Les jeux d’arcade sont des organismes numériques qui ont construit l’environnement dont ils avaient besoin puis se sont développés dans d’autres environnements. Ils se copient facilement et mutent pour s’adapter aux nouveaux environnements dans lesquels ils se développent. Ainsi, on trouve des adaptations cinématographiques de jeux vidéo et des jeux vidéo qui sont adaptation de films. On ne compte plus les héros, les personnages historiques ou même les divinités qui se sont retrouvés dans des jeux vidéo. Ils profitent de leur grande porosité pour absorber les médias voisins et les modifier en profondeurs. La télévision, la radio, les journaux doivent beaucoup aux jeux vidéo que ce soit en termes de design ou d’habitude de lecture. Ils modifient même des pratiques aussi différentes que la pédagogie, la psychologie, la politique, ou l’art de la guerre en servant de médiateur.

Né des amours de l’électricité avec la machine à écrire, les jeux d’arcade ont d’abord été cantonnés dans des salles de jeu et des bars.
Ils ont investi nos salons et squatté le téléviseur familial. Là, ils ont établi une tête de pont pour une offensive généralisée. Ils ont d’abord dupliqué le téléviseur : un écran pour l’usage banal, un écran pour les jeux vidéo. Ils se sont ensuite miniaturisés pour tenir dans nos poches et nous accompagner partout. Ils ont colonisés les téléphones cellulaires, contribuant ainsi à les éloigner de leur fonction première. Ils se sont infiltrés dans les sages ordinateurs personnels, les rapprochant de plus en plus des consoles de jeu. Ils ont trouvé dans le réseau Internet des nouvelles modalités de dissémination. Tout ce que les jeux d’arcade ont touché a été transformé. La Google TV est le dernier exemple des nombreuses transformations qui sont encore à venir.

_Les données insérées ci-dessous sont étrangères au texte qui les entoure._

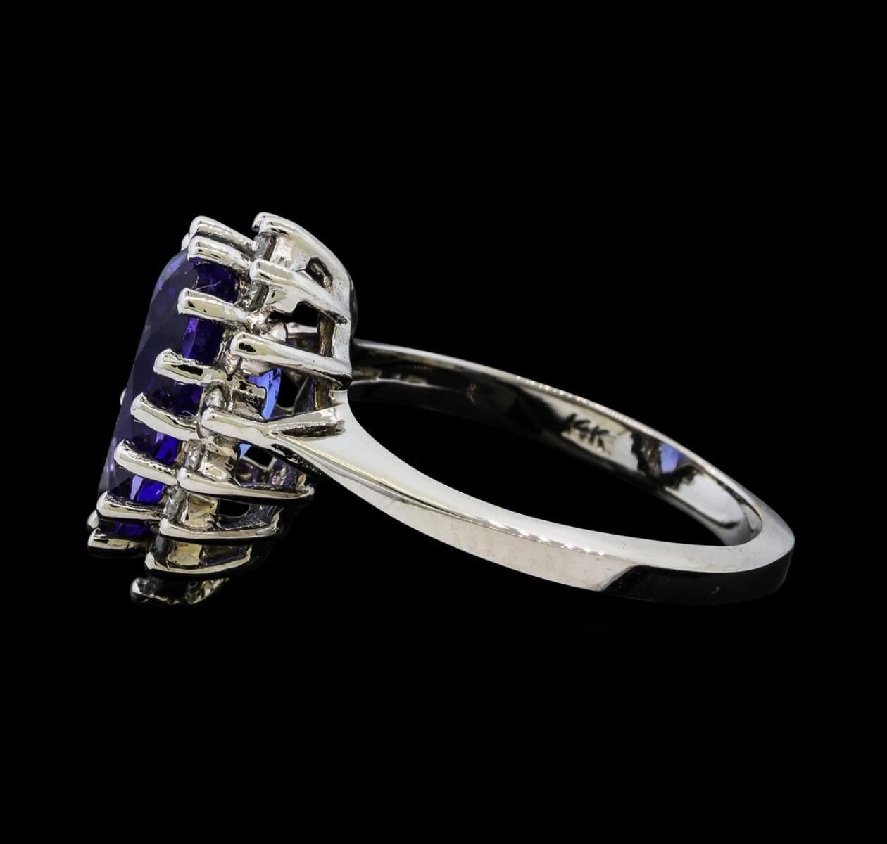 One electronically tested 14KT white gold lady's cast fashion ring with a basket halo with a bright polish finish. The featured lady's ring has a shank measuring 2.40 millimeters wide. Identified with markings of '14K'. Condition is new, good workmanship. Containing: One prong set pear modified brilliant cut natural tanzanite, measuring 13.00 x 8.10 x 5.50mm, (depth est.) approximate weight of 3.35ct., clarity is eye clean, medium dark, strong, violetish blue color, (GIA vB 6/5), cut is very good. Transmitting light with no distortion, transparent. Colored gemstones are presumed to have been subjected to commonly used enhancement processes. Graded in the setting. Fourteen prong set round brilliant cut diamonds, measuring 1.95 - 1.85 x 1.14mm (depth est.) approximate total weight of 14 Stones = 0.35ct. Graded in the setting. Clarity SI-1 to SI-2. Color: H - I Cut Good. Total Weight of Colored Stones 3.35ct.. Total Weight of Diamonds 0.35ct.. Total Weight of Ring 4.90gm.

D’abord cantonnés dans les banlieues de la culture, longtemps considérés comme des jeux d’enfants, les jeux d’arcade ont contribué à donner naissance à un nouveau phénomène.
Ils ont contribué à construire une culture du jeu vidéo, avec ses codes, ses savoir-faire, ses savoir-être, ses légendes et ses figures héroïques. Galaxy, Pac Man, Donkey Kong, Virtua Fighter parmi tant d’autres ont imposé des formes de jeu qui sont actives aujourd’hui encore. Cette culture a ensuite servi de creuset pour la construction de cet immense espace numérique dans lequel nous baignons actuellement. Le processus est le même que celui par lequel le Baron de Muchausen expliquait qu’il s’était sorti d’un marécage en tirant sur les lacets de ses bottes. De la même manière, les jeux d’arcade sont un des points de départ de la construction de cet immense espace numérique dans lequel nous baignons actuellement

Les digiborigènes ont su écouter le conseil de Montaigne : ils ont joué sérieusement aux jeux vidéo. Les millions d’heures passés à jouer ont été le moyen de s’approprier les matières numériques et d’en faire une matière à penser. Le grand intérêt des jeux vidéo est qu’ils constituent un excellent entraînement à la complexité. Ils font appel à des modalités de penser qui n’étaient pas beaucoup sollicités dans notre culture : l’apprentissage par essai/erreur, la saisie globale du fonctionnement d’un système plutôt que son analyse, la découverte et l’utilisation de structures, les coopérations entre les acteurs, le fonctionnement en mode parallèle plutôt que sériel… Tous ces processus nous deviennent précieux maintenant que notre environnement s’est enrichi de cette nouvelle dimension que sont les espaces numériques.